でも、そうした報道により、SMAP関連の番組を見ること自体、暗く重くつらい思いになって、目を背けている人も多数いるだろう。
ところが、この日の『SMAP×SMAP』には驚いた。5人揃ったSMAPがあまりにも「SMAP」だったから。仲が良いとか、不仲とか、そんなつながり方をしているわけじゃない、プロ集団の凄みを見た気がしたからだ。
解散の本当の理由などわからない。でも、残念ながら「年内解散」が正式発表されたことによって、SMAPは今、「解散」という1つの事実に向かって、それぞれのスタンス・アプローチ法で、有終の美を飾るために全力で歩み始めたように見える。

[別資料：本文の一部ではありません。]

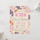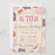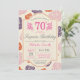 Invitation d'anniversaire surprise florale 70 ans. Roses roses violettes orange. Anniversaire femme, dame, fille. 13ème 15ème 16ème 18ème 20ème 21ème 30ème 40ème 50ème 60ème 70ème 80ème 90ème 100ème, tous âges. Pour une personnalisation supplémentaire, veuillez cliquer sur le bouton "Personnaliser" et utiliser notre outil de conception pour modifier ce modèle.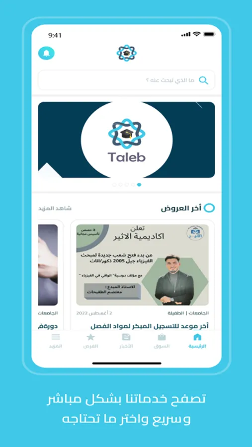 A platform provides a smooth learning environment for students, institutions, universities, and educational centers, where the student can search, inquire, and benefit from educational resources that are published through the Taleb platform.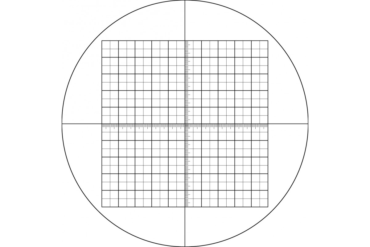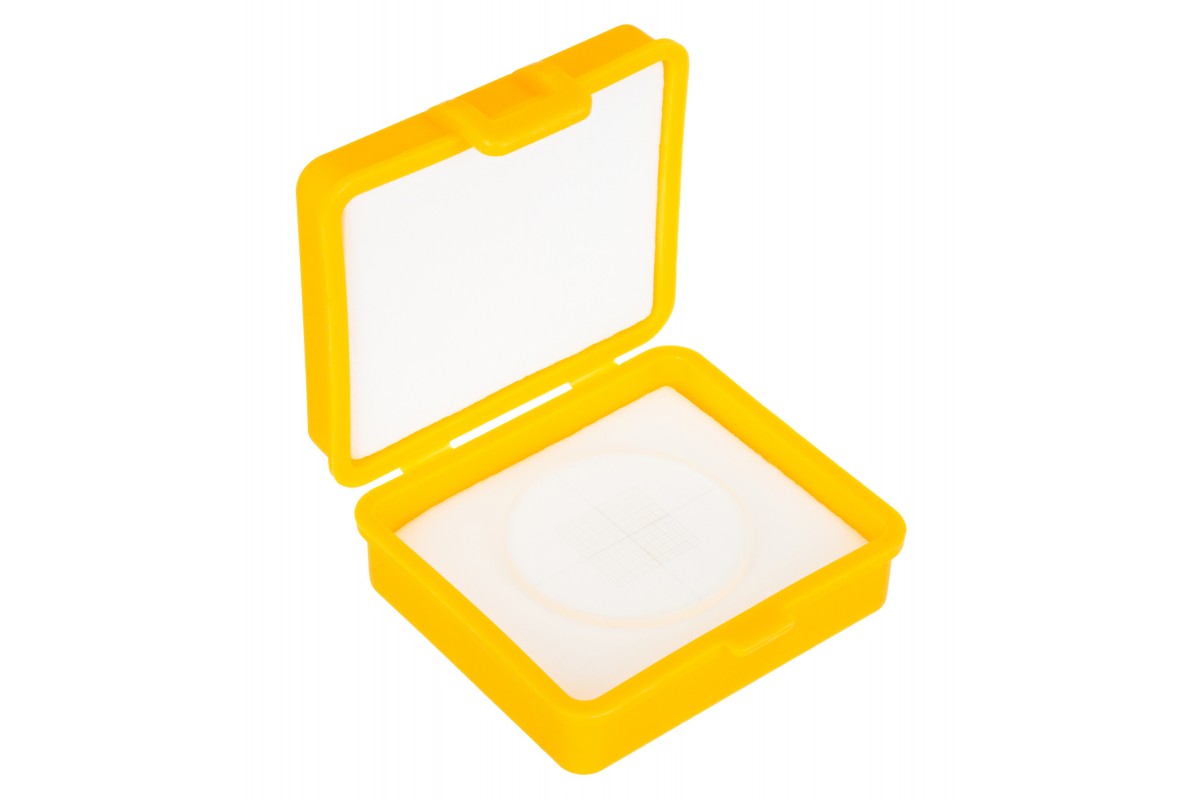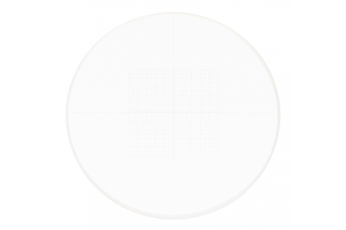 Калибровочный слайд MAGUS CSS2 для стереомикроскопов представляет собой пластину из оптического стекла диаметром 24 мм. На слайд нанесены перекрестие с микрометрическими шкалами по осям X и Y с ценой деления 0,05 мм и измерительная сетка 10х10 мм. В одном ряду сетки расположено 20 ячеек размером 0,5х0,5 мм.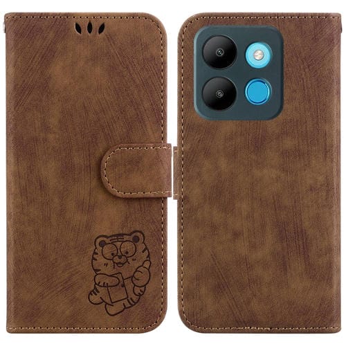 Funda para Teléfono Infinix Smart 7 African 6515 Cuero con Relieve Little Tiger (Marrón)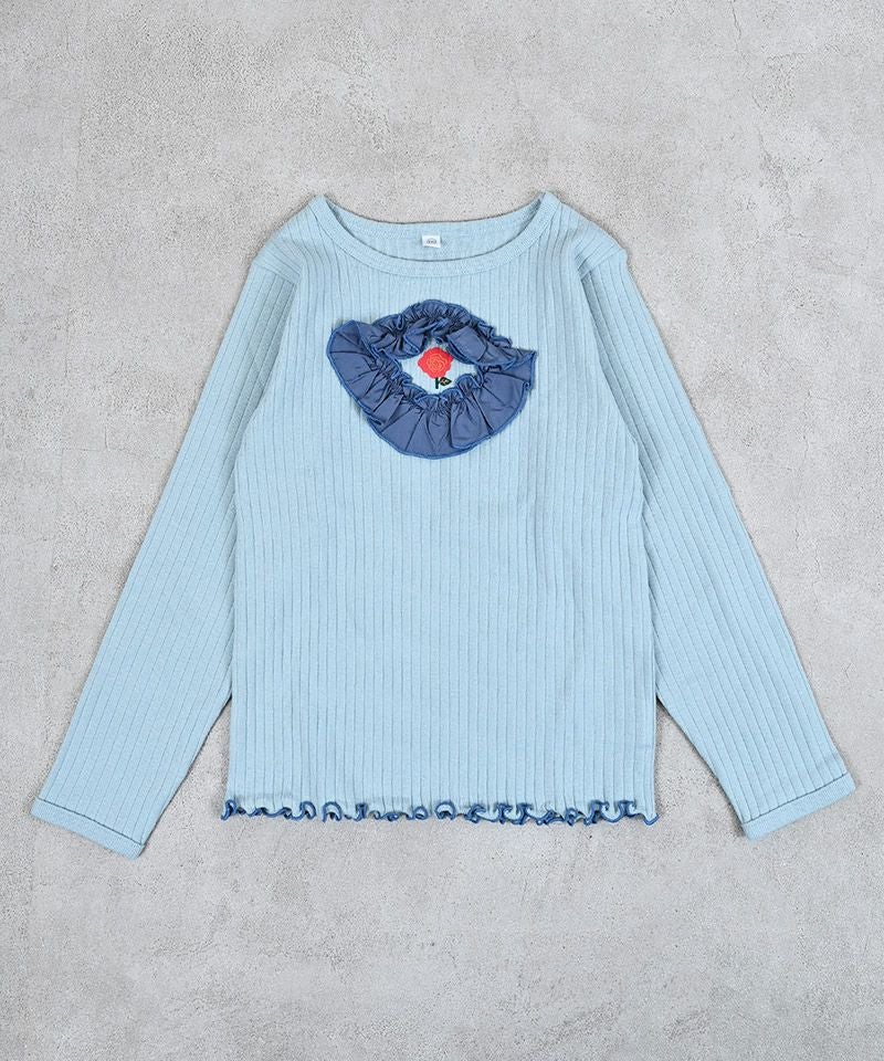 ・襟元にサテンフリルをあしらったアクセントデザイン

SMAPの美しさって、ヌルい「わちゃわちゃ」感なんかじゃなく、まったく違う性質・価値観・考え方の人たちが1つの目的を持ったときに、個々の力を持ち寄って、ともに成し遂げようとする、プロとして、チームとしての美しさなんじゃないだろうか。
そう思うと、12月31日に向けて、もしかしたらSMAPはこれから過去最高の輝きを見せてくれるかもしれない。
にもかかわらず、不思議なのは、さまざまな報道や、世間の声だ。
一時は「木村拓哉=裏切り者」説や「メリー副社長老害説」で盛り上がり、その後は「香取慎吾が原因」説で盛り上がり、この日の『SMAP×SMAP』においては「ギスギスした感じが見るに堪えない」「もうやめてしまえ」の声が続出。おまけに「木村と香取はやっぱり別々のチームだった」などと、これまで番組を見たことがないような妙なツッコミまで出ていた。
さらに恐ろしいのは、SMAP関連の報道がすでに沈静化しつつあるなか、これらのまったく異なる方向性のバッシングを、SMAPにもジャニーズにも興味のない人たちが掌返しのようにそのときどきの時流にのって、一斉にやっていそうなこと。そして、色眼鏡で「見た」気にだけなって、一通り誰かをバッシングすることに飽きたら、去っていきそうなこと。
メンバーの本当の思いや関係性など、一視聴者にはわからない。でも、この日、彼らが『SMAP×SMAP』で見せた姿は、本当に「SMAP」だった。それを色眼鏡で見てしまうのも、年末にかけてのSMAPの活動を見逃してしまうのも、なんだか非常にもったいない気がした。